Pre-Existing Insomnia Linked to Mental Disorders After Military Deployment
Soldiers who have troubles sleeping before their deployments may be at greater risk of developing posttraumatic stress disorder (PTSD), depression and anxiety once they return home.
A new study, published in the journal SLEEP, found that pre-existing insomnia symptoms posed almost as large of a risk for those mental disorders as combat exposure.
"Understanding environmental and behavioral risk factors associated with the onset of common major mental disorders is of great importance in a military occupational setting," lead study author Philip Gehrman, PhD, assistant professor of Psychology at the University of Pennsylvania said in a statement.
"This study is the first prospective investigation of the relationship between sleep disturbance and development of newly identified positive screens for mental disorders in a large military cohort who have been deployed in support of the recent operations in Iraq or Afghanistan," he added.
Researchers looked at self-reported data from the Millennium Cohort Study to evaluate the association of pre-deployment sleep duration and insomnia symptoms on the development of new-onset mental disorders among 15,204 service members. Researchers identified 522 people with new-onset PTSD, 151 with anxiety and 303 with depression following deployment. Researchers found that combat-related trauma and pre-deployment insomnia symptoms were significantly associated with higher odds of developing posttraumatic stress disorder, depression, and anxiety.
"One of the more interesting findings of this study is not only the degree of risk conferred by pre-deployment insomnia symptoms, but also the relative magnitude of this risk compared with combat-related trauma," Gehrman explained. "The risk conferred by insomnia symptoms was almost as strong as our measure of combat exposure in adjusted models."
The findings revealed that short sleep duration or sleeping less than six hours a night, separate from general insomnia, was associated with new-onset PTSD symptoms.

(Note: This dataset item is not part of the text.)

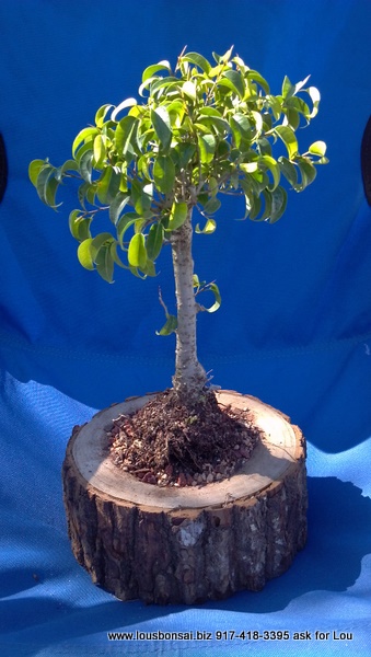 HERE IS THE STORY. I HAVE A WOOD MAKER WHO SPECIALIZES IN WORKING WITH COLLECTED NATURAL WOOD MATERIAL. THE WOOD MAY VARY BUT THIS IS WHAT YOU RECEIVE. LOUS BONSAI IS THE ONLY BONSAI NURSERY OFFERING THIS. APPROX 6-8 INCHES TALL THE WOOD IS HAND CREATED SO THE TREE IT SITS IN ALLOWS IT TO GROW INSIDE. NO NEED FOR A BONSAI POT. THE TREE IS THE POT. WE ARE MAKING THEM AS WE SPEAK. ALLOW ONE WEEK APPROX FOR THIS TREE TO SHIP. IF YOU WANT A SPECIAL BONSAI TREE CONTACT LOU DIRECTLY. LIMITED NUMBER. YOU CAN PURCHASE THE TREE POT ALONE IF YOU WOULD LIKE.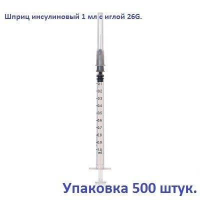 High-quality, single-use, three-part 1ml insulin syringes with a stop ring. Each syringe features a clear insulin scale (U-100) for precise dosing. A double-ring rubber seal ensures a leak-proof, smooth-gliding plunger. The 1ml barrel features a silicone coating for effortless injection. The Luer slip cannula on the distal end ensures secure connection. The included 26G (0.45 x 13mm) stainless steel needle is siliconized for smooth penetration, features a three-facet bevel for accurate injection and is capped with polypropylene for sterility. Suitable for intramuscular or subcutaneous injections. White plunger. 500 syringes per pack. Made in China.

"We found that insomnia is both a symptom and a risk factor for mental illness and may present a modifiable target for intervention among military personnel," Gehrman said. "We hope that by early identification of those most vulnerable, the potential exists for the designing and testing of preventive strategies that may reduce the occurrence of PTSD, anxiety, and depression."
Researchers said the next step is to study whether routine inquiry about insomnia symptoms and early intervention could reduce subsequent mental disorders.